** SUPPLIED MATERIAL **
★ ★ ★ ★ ★
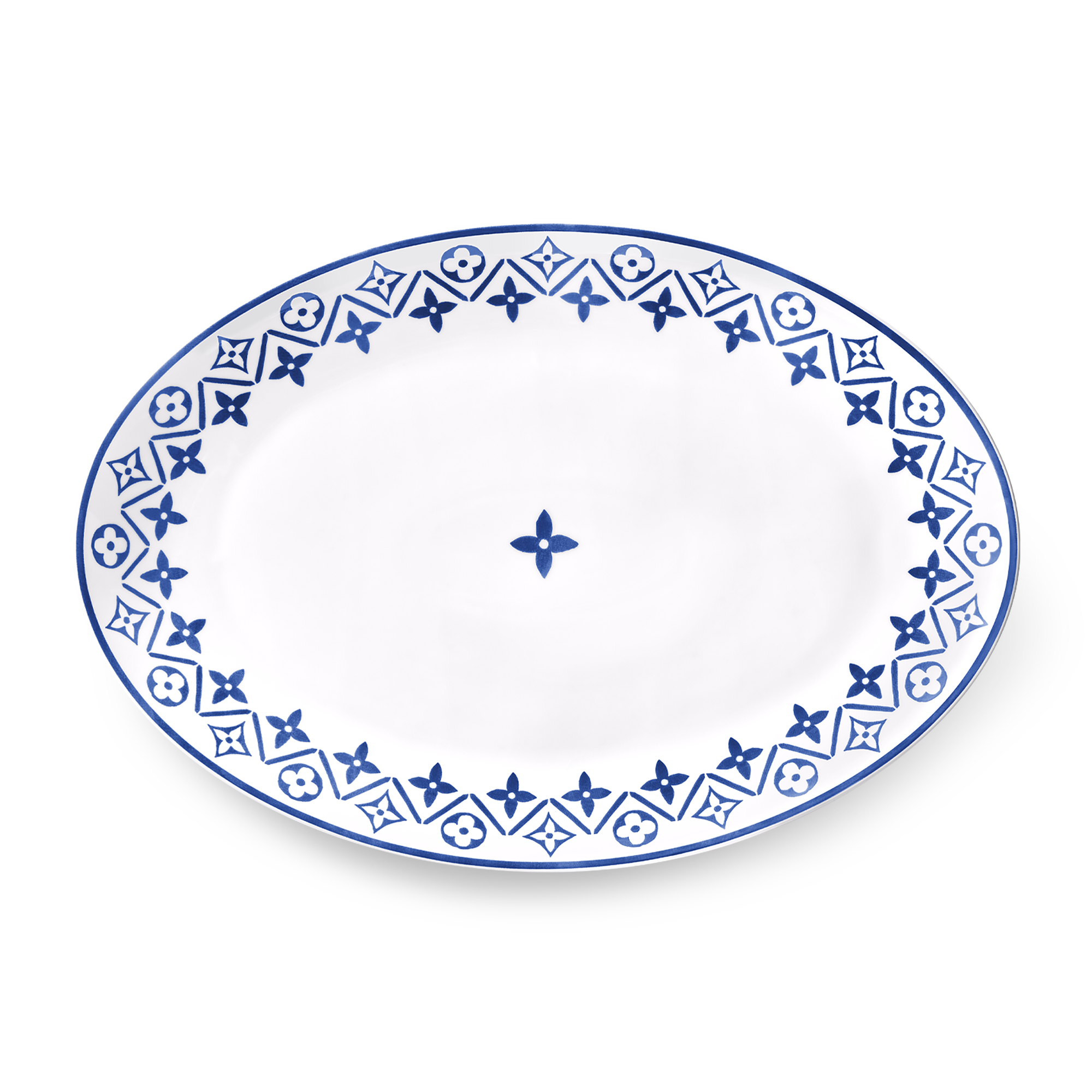 Set Of 2 Dinner Plates Monogram Flower Tile
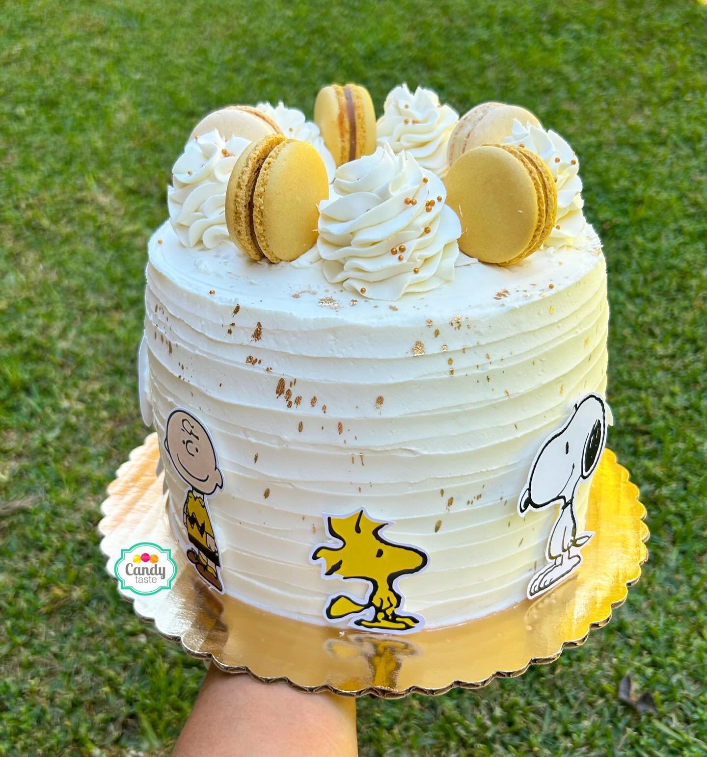 Elegant charm blends with playful touches in this white textured cake decorated with gold-speckled accents. Around the sides, beloved characters like Snoopy, Woodstock, and Charlie Brown bring a whimsical cartoon flair that contrasts beautifully with the refined frosting style.
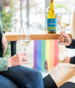 The "vin gris" (white wine made from dark-skinned grapes) has almost as much color as a rose, with unique flavors for a totally new wine experience. Fruity/dry; medium plus acid.
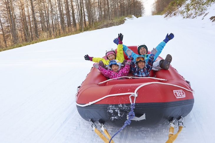 スキーやスノーボードでの滑走以外にも、子どもはもちろん、大人も楽しめるスノーアクティビティが充実しているのも、「マウントジーンズ那須」の注目ポイントだ。
★ ★ ★ ★ ★
Please print the entire listing again exactly, minus its images.

 Set Of 2 Dinner Plates Monogram Flower Tile
 Elegant charm blends with playful touches in this white textured cake decorated with gold-speckled accents. Around the sides, beloved characters like Snoopy, Woodstock, and Charlie Brown bring a whimsical cartoon flair that contrasts beautifully with the refined frosting style.
 The "vin gris" (white wine made from dark-skinned grapes) has almost as much color as a rose, with unique flavors for a totally new wine experience. Fruity/dry; medium plus acid.
 スキーやスノーボードでの滑走以外にも、子どもはもちろん、大人も楽しめるスノーアクティビティが充実しているのも、「マウントジーンズ那須」の注目ポイントだ。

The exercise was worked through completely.